New furnace build

Discussion in 'Furnaces and their construction' started by brandon henneberry, Oct 26, 2025.

  1. Greetings,

    This is my first post here, so hello everyone!

    Many years ago before i started a business and lost all my free time I built a small propane furnace out of an old air compressor tank, kaowool, and refractory cement. It worked ok, I was only ever able to melt aluminum but really wanted to melt copper. Lately I've noticed I have some free time again and am thinking about building a new furnace. I have an old 20 pound propane tank which is already cut open and has holes drilled for ventilation and for the blower pipe which I made back in the day which was going to be my second furnace.

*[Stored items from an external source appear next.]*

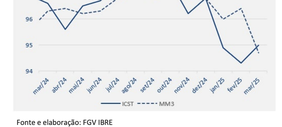 (Brasília-DF, 27/03/2025). Na manhã desta quarta-feira, 26, o FGV-IBRE divulgou o seu Índice de Confiança da Construção (ICST) que subiu 0,7 ponto em março, para 95,0 pontos, após dois meses seguidos de retração. Na média móvel trimestral, o índice recuou 1,7 ponto.
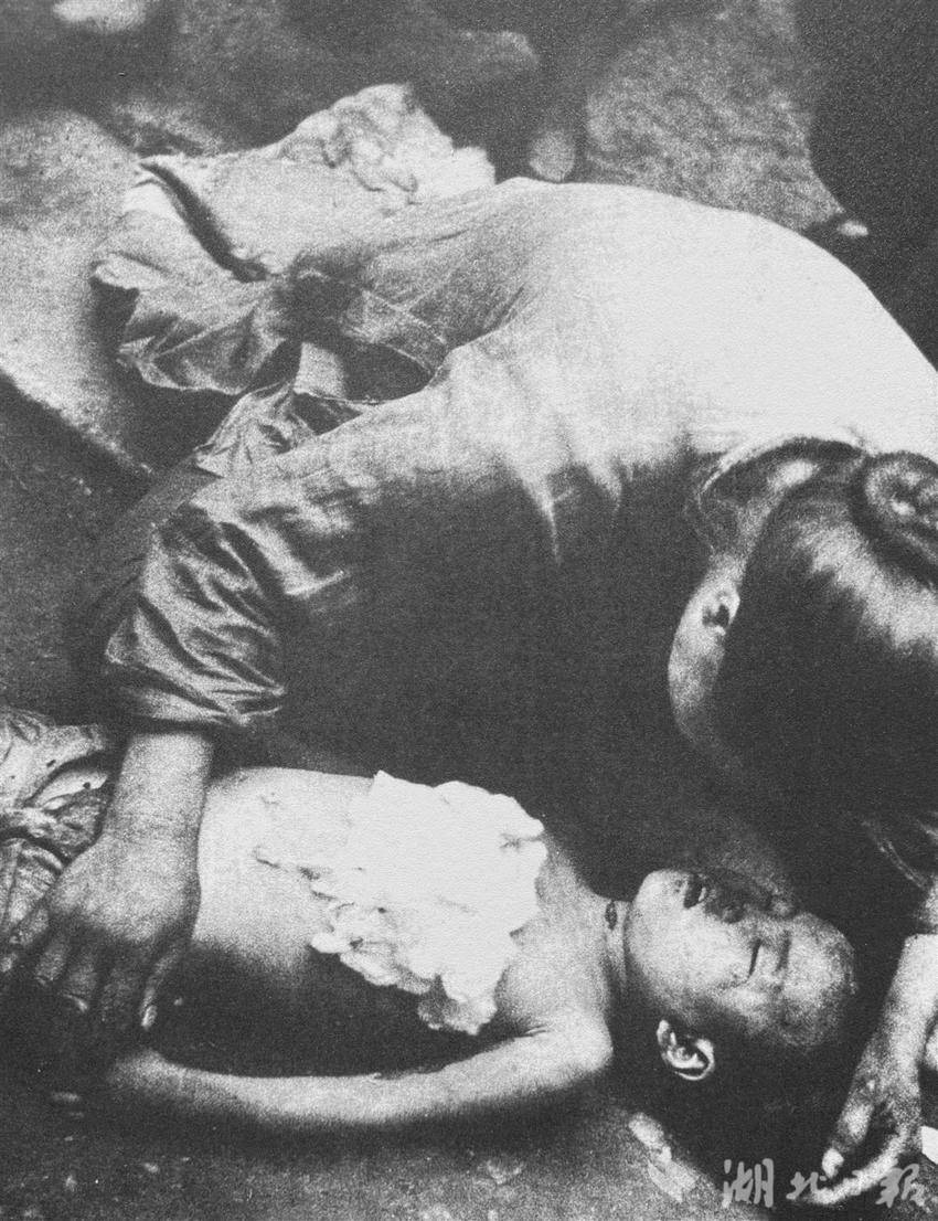 被日机炸死的武汉儿童,母亲在旁痛哭。(湖北日报全媒记者 何宇欣 翻拍于八路军武汉办事处旧址纪念馆)
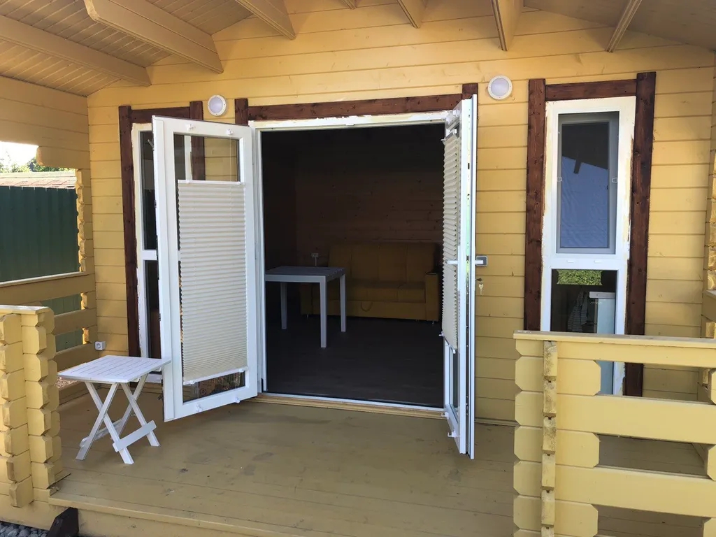 На территории находятся три таких одинаковых домика. В каждом уютном домике: двуспальный раскладной диван, кресло-кровать.
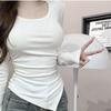 Experience comfort and style this autumn with our White U-Neck Long Sleeve Slim Fit T-Shirt. Crafted from high-quality polyester, this base layer offers both warmth and breathability, perfect for layering in cooler weather. The solid pattern and hooded neckline add a touch of Korean-inspired fashion flair, ensuring you look both sweet and spicy. With its long sleeves, this T-shirt provides a cozy and snug fit, making it an essential addition to your seasonal wardrobe.
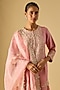 Featuring a dark flamingo pink kurta in silk base with resham work. It is paired with sharara pants and an organza dupatta. Accentuate it with minimal jewellery and heels for a festive look.
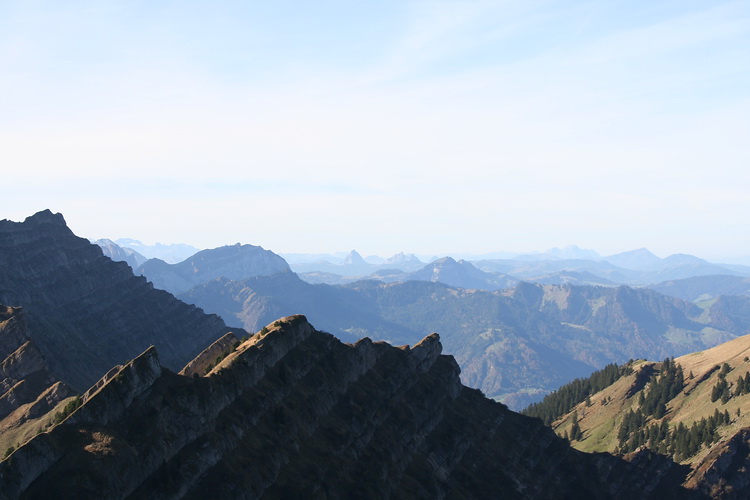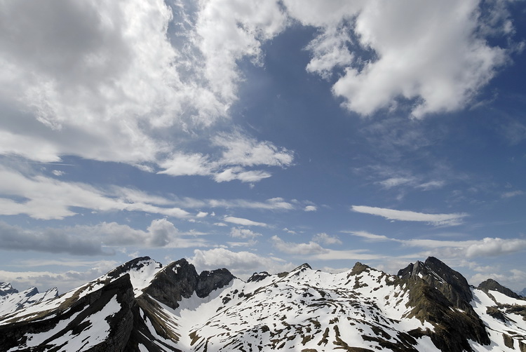 Gipfelblick zu Fulfirst, Rosswies, Sichli und Gamsberg. Und natürlich ein letzter Blick nach Norden zum Alpstein.
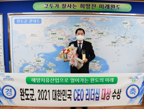 [한국Q뉴스] 신우철 완도군수가 지난 19일 서울 밀레니엄 힐튼호텔에서 열린‘2021 대한민국 CEO 리더십 대상’에서 혁신경영 부문 대상을 받았다.
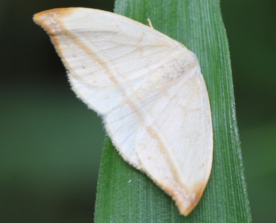 前翅の中央付近に暗褐色の斑紋があるものを「ギンモンカギバ(Callidrepena patrana)」と言うのですが、本種にも有紋形と無紋形があるそうです。 |
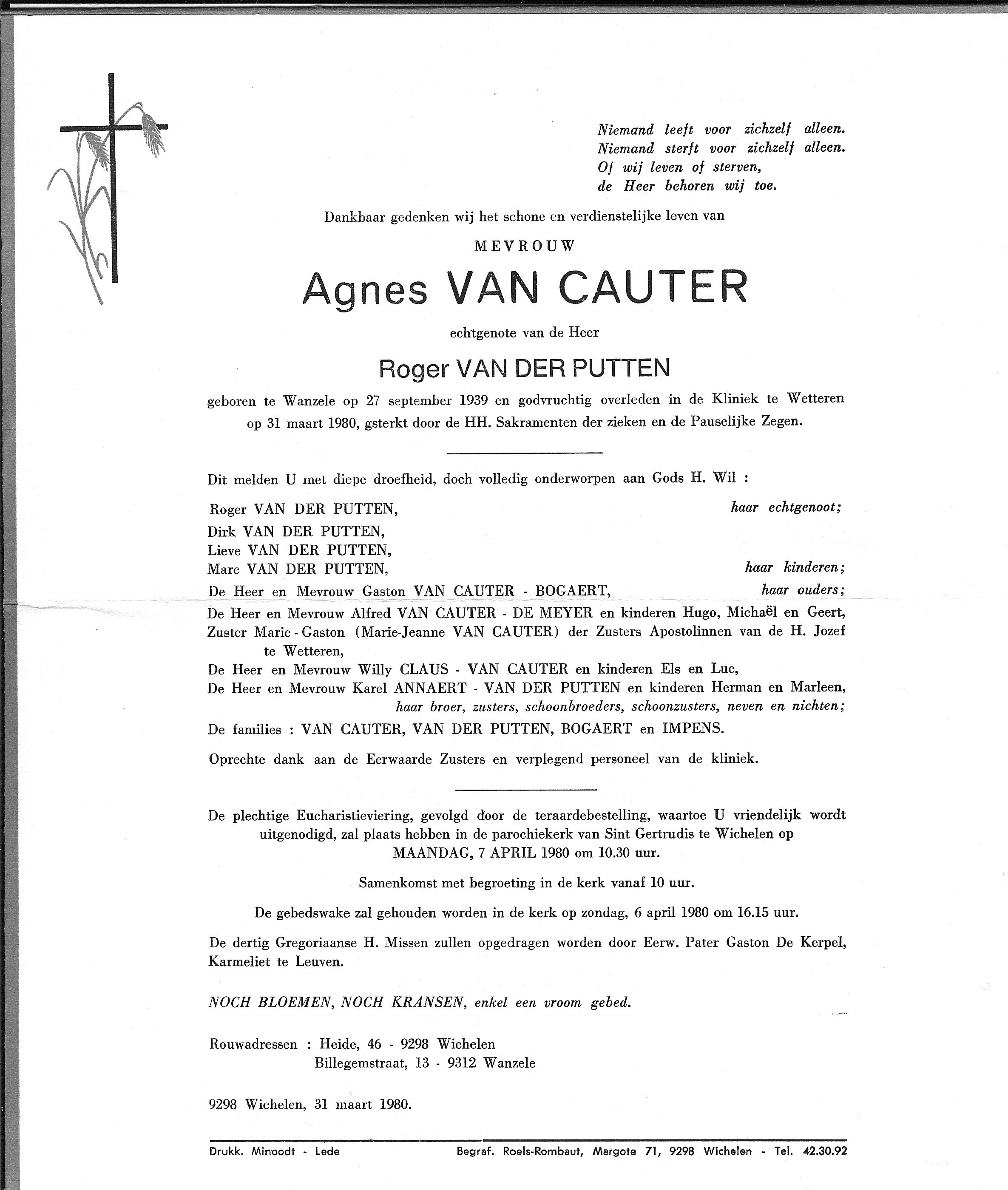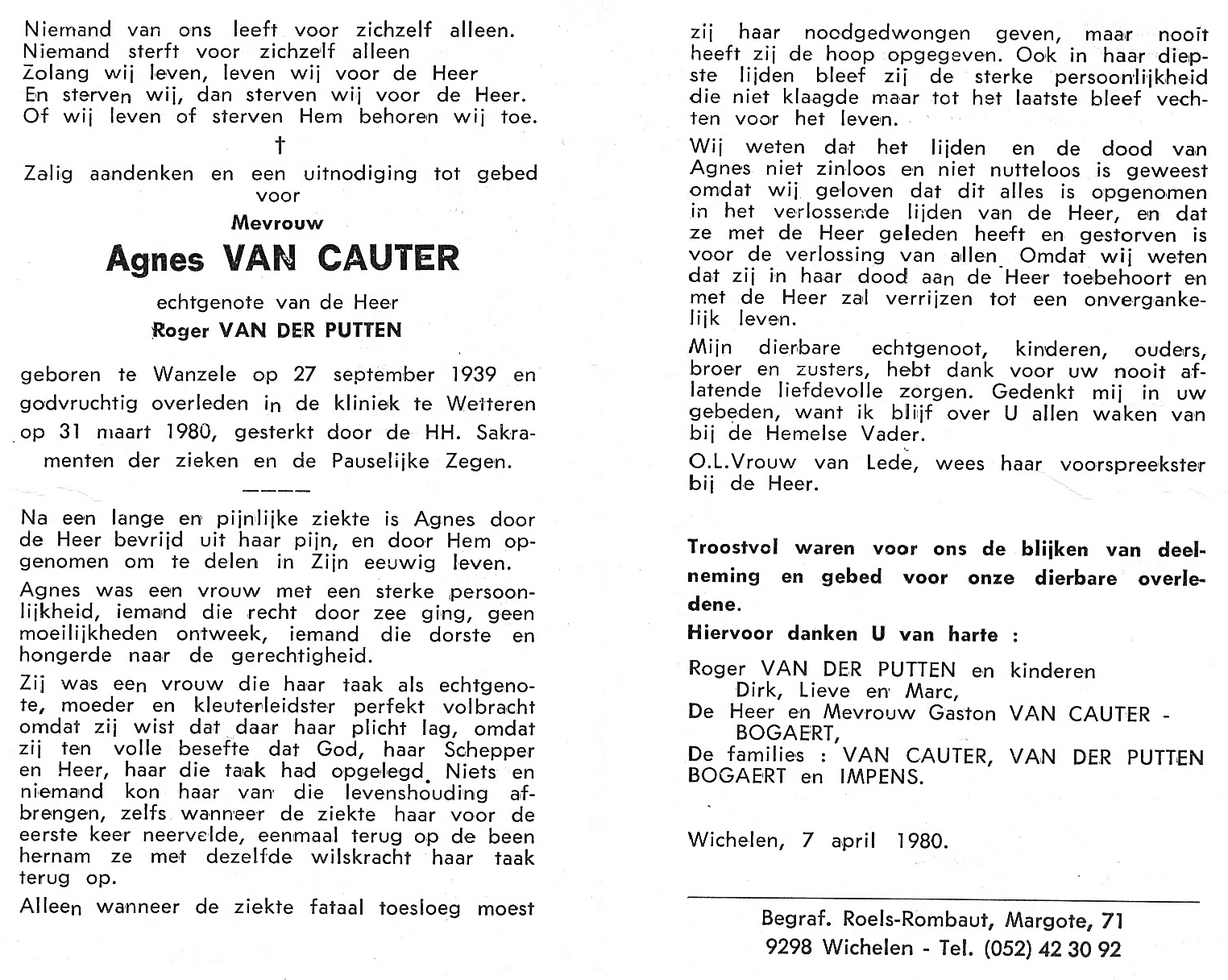 Begrafenis van een echtgenote | Agnes Maria Van Cauter 7 april 1980 (Leeftijd 47 jaar) |

    I'm looking for any insight or opinions if the kaowool/refractory cement set up is still relevant and the go to or if there have been any new developments since i last dabbled. Also, looking at this 20 pound propane tank makes me think it'll be too small once its insulated so I'm wondering if it will be a waste of resources, but not really sure what else to use.

    Thanks in advance for any suggestions and allowing me to be part of the forum.
     
  2. Tops

    Tops Silver

    Welcome to the forum Brandon.
    What size crucible are you thinking? Dimensions and pictures of the tank so far?
    I was in a bronze casting class where the bronze was melted in a naturally aspirated (propane no blower) furnace with Kaowool sides and roof and a cast refractory base. I saw the same furnace melt bronze again at another event so it is repeatedly capable. Previously I was under the impression that I would need a blower for bronze. A long way to say that burner tuning probably has as much to do with melting things as insulation.
     
  3. master53yoda

    master53yoda Silver

    when in this early of design stage you have a few questions you need to answer in order to successfully move forward.There are also a few things that need to be addressed for proper combustion.
    1 What fuel do you plan on using, you can reach bronze temps with any of the fuels available with the proper design on the burner and the furnace.
    2. What is the maximum temp needed for a satisfactory melt of your desired metal, you can always fire a cooler furnace but the upper limit is a design factor. IE. you can melt lead in an aluminum furnace.
    3. The thicker the refractory cement the longer it will take to get to temp because of the thermal mass. The furnace referred to by tops is familiar to me and it has melted iron in very small quantities With sufficient time.

    4. KaoWool is and excellent insulator, but, it is friable and puts fibers into the exhaust if there is any disturbance of the Wool, there are a number of solutions, one is Santanite it is good for 3200F I us ceramic slip to coat the KaoWool on my large aluminum processing furnace, I spray it on at the end of a fire, My furnace has 2" of KaoWool #6 it will reach about 2200 if i let the burners stay on high fire. I haven't ever processed bronze etc because of how large the furnace is, It will hold 250lbs of aluminium.
    I also coat my ingot molds and metal crucibles with the ceramic.

    5. Naturally aspirated burners if designed and sized properly can burn all the gas that is needed. most times that people have trouble with naturally aspirated burners has to do with the venture affect that pulls in the air. most youtube burners are not designed for good combustion.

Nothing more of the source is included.